Elle préfère parler du rôle des chrétien·ne·s parce qu’au Bélarus, à l’heure actuelle, il est rare que les Églises institutionnelles prennent position en faveur des droits de la personne, tandis que de simples chrétien·ne·s font entendre sur le terrain une voix prophétique qui sème des graines d’espérance.
Les chrétiens mobilisés
« Pour la plupart, les chrétiens sont plus mobilisés que d’autres groupes de citoyens. Ils et elles assument leurs responsabilités – avec tout ce que cela implique dans leur vie –, notamment en rejoignant le mouvement démocratique […], qui œuvre pour des élections justes, pour les droits de la personne, pour la justice et pour la paix. » Natallia Vasilevich préside notamment Vision chrétienne, un groupe œcuménique qui rassemble des théologien·ne·s, des membres du clergé et des personnes laïques de toutes confessions (orthodoxe, catholique romaine, gréco-catholique, anglicane, évangélique) dans le but de promouvoir le respect de la dignité humaine et des droits de la personne, l’État de droit, la justice, la paix et le témoignage chrétien dans la vie sociale et politique.
Une société muselée
Compte tenu du niveau élevé d’oppression exercé par le gouvernement bélarussien, même les voix soi-disant modestes peuvent avoir des répercussions : « Quelques mots suffisent pour vous envoyer en prison », explique l’avocate, avant d’ajouter que les chrétien·ne·s engagé·e·s dans le mouvement pour les droits de la personne au Bélarus « portent un lourd fardeau et sont prêts à se sacrifier. » Publier une petite photo sur Facebook, déposer des fleurs dans une gare, arborer un autocollant sur son véhicule ou se réunir simplement pour prier… ce sont là autant de manifestations de voix chrétiennes défendant les droits de la personne.

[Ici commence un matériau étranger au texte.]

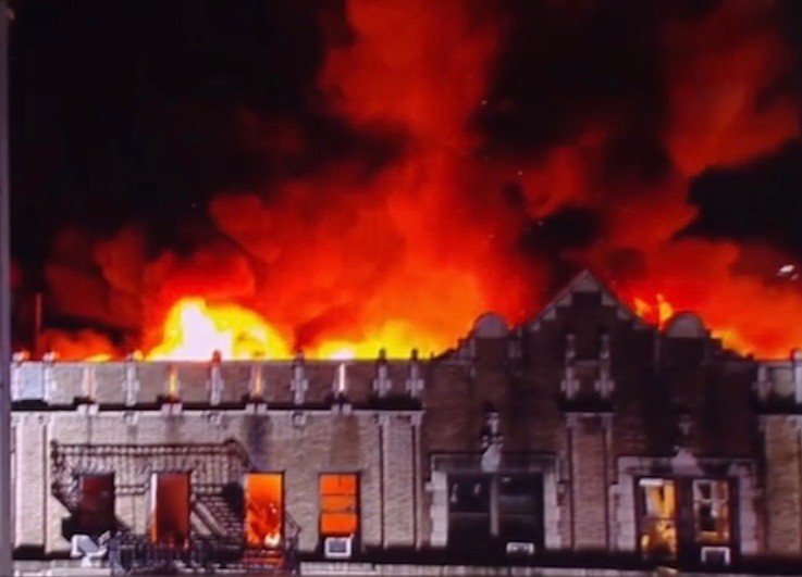 "Firefighters battled a five-alarm fire in an Upper Manhattan apartment building early Saturday morning. Officials say flames broke out around 2 a.m. at 617 West 141st Street." (Marcus Solis via abc7).
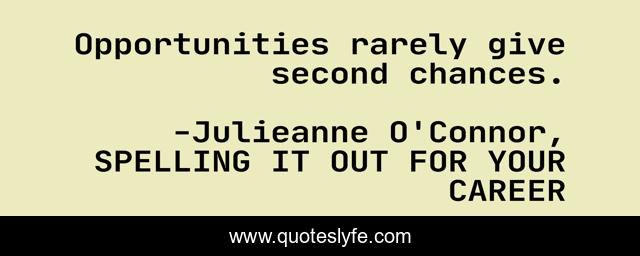 "Julieanne O'Connor, SPELLING IT OUT FOR YOUR CAREER Quotes." Quoteslyfe.com, 2025. Mon. 08 Dec. 2025. <https://www.quoteslyfe.com/quote/Opportunities-rarely-give-second-chances-49752>.
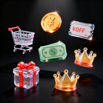 一套6张系列素材集合,每张均为规整排布的单一元素造型图案,保持简约现代风格,采用纯色背景。第一张:半透明渐变红色礼盒,顶部系着金色蝴蝶结,礼盒呈现轻微立体感,边缘有柔和高光和阴影,整体通透光滑;第二张:半透明渐变优惠券,带有虚线剪切边和折扣标识,保持与礼盒一致的光影质感和简约设计;第三张:半透明渐变喇叭造型,喇叭口朝右,线条流畅,体现现代简约风格;第四张:半透明渐变鼓掌手势,双手掌心相对呈鼓掌状,手指圆润,保持整体通透感;第五张:半透明渐变一堆金币,金币堆叠呈金字塔状,表面有光泽,体现金属质感;第六张:半透明渐变购物车,车筐为网格状,带有把手和轮子,造型简约现代,所有元素均保持统一的半透明渐变效果、光影处理和简约设计语言。
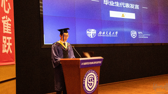 在全体庄严肃穆地奏唱国歌后,学院帅斌教授和李国芳副书记分别宣读了研究生学位授予决定和优秀毕业生表彰名单。“祝贺同学们圆满完成学业,这也意味着同学们老员工活的结束,昭示着新的人生历程的开始。”
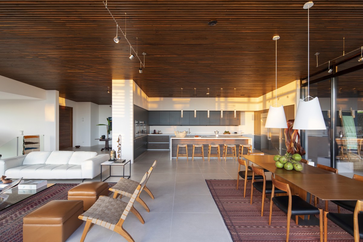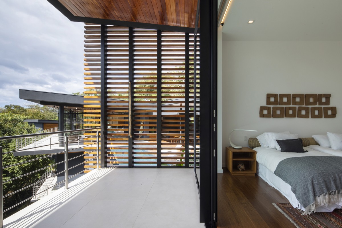 The home is an example of modern tropical design, where the seamless indoor-outdoor connection and the integration of the natural jungle and the ocean view is the main focus. Importance on natural materials with the usage of natural teak siding and sun control screens, contrast with the charcoal-grey stucco surfaces and soft earth-tone floors to provide a palette which integrates into the intense greenery of the natural landscapes.
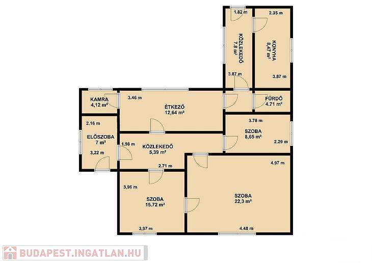 3 szoba, nappali, konyha, fürdőszoba kádas kialakítással + mellékhelyiség, előszoba, közlekedő, tároló.
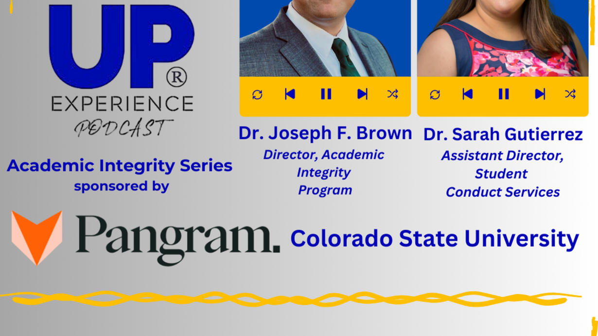 YOUR guests are Dr. Joseph F. Brown, Director, Academic Integrity Program, The Institute for Learning & Teaching, & Dr. Sarah Gutierrez, Assistant Director for Student Conduct Services, The Student Resolution Center, Colorado State University
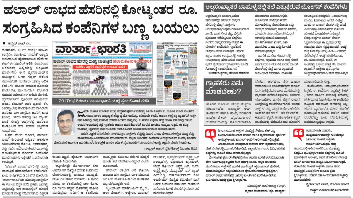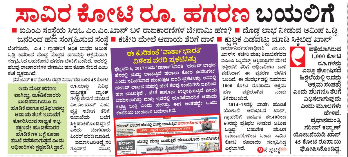On February 6, 2017, 'Vartha Bharti' had alerted people about such companies by publishing a detailed article on its front page. In the article, it was described that how some companies are making money on the name of Halal profit and violating the law. It had warned that the risk is for the investors is sure in this investment. The Vartha Bharati had also a published a detailed report when the Income Tax department had conducted a raid on the IMA Company in April 2017 and found irregularities of Rs 1,000 crore. But IMA chief Mansur Khan had clarified that there was no irregularities in the company. Vartha Bharati had come with a detailed report even when Nauhera Shaikh was arrested in Hyderabad in October 2018 (Oct.18).
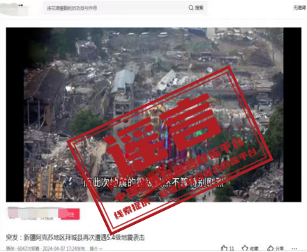 詳情:4月7日、8日,新疆阿克蘇地區(qū)拜城縣先后發(fā)生5.4、5.1級(jí)地震。震中位于無人區(qū),目前暫未收到人員傷亡或財(cái)產(chǎn)損失報(bào)告,當(dāng)?shù)赝ㄓ?、供電、交通正常。但有部分自媒體為博眼球、蹭流量,利用AI智能技術(shù)等手段拼湊網(wǎng)絡(luò)舊圖,發(fā)布拜城地震不實(shí)圖文、音視頻等信息,嚴(yán)重誤導(dǎo)網(wǎng)民。阿克蘇地區(qū)互聯(lián)網(wǎng)信息辦公室提醒,對(duì)在網(wǎng)上蓄意編造、傳播散布謠言,擾亂公共秩序等違法行為,網(wǎng)信部門將會(huì)同公安機(jī)關(guān)依法嚴(yán)厲打擊。(來源:“新疆網(wǎng)絡(luò)辟謠”微信公眾號(hào))

« De ce fait, leur identité chrétienne n’est sans doute pas toujours visible, mais je trouve très important de la reconnaître, parce qu’il faut encourager ces petits signaux. » Elle cite l’exemple de Mikhail Marugo, un prêtre orthodoxe de Minsk, emprisonné pendant 13 jours pour avoir déposé des fleurs dans une gare au moment où la guerre commençait. D’autres prêtres se sont retrouvés derrière les barreaux pour avoir ajouté le drapeau ukrainien à leur photo de profil Facebook, à l’instar d’Aliaksandr Baran, un prêtre catholique. Quant à Vasil Yahorau, un prêtre gréco-catholique, c’est un autocollant « Ukraine, pardonne-nous » arboré sur sa voiture qui lui a valu la détention.
« Dans cette peau de chagrin qu’est l’espace public, il est très difficile de témoigner dans les églises. Des mères et des femmes orthodoxes s’étaient retrouvées à la cathédrale de Minsk pour prier ensemble devant l’icône de la Mère de Dieu. Mais en entrant dans la cathédrale, elles ont été filmées. Et après l’office, quatre d’entre elles ont été emmenées au poste de police, où elles ont dû expliquer pourquoi elles s’opposaient à la guerre dans leurs prières à la Mère de Dieu. »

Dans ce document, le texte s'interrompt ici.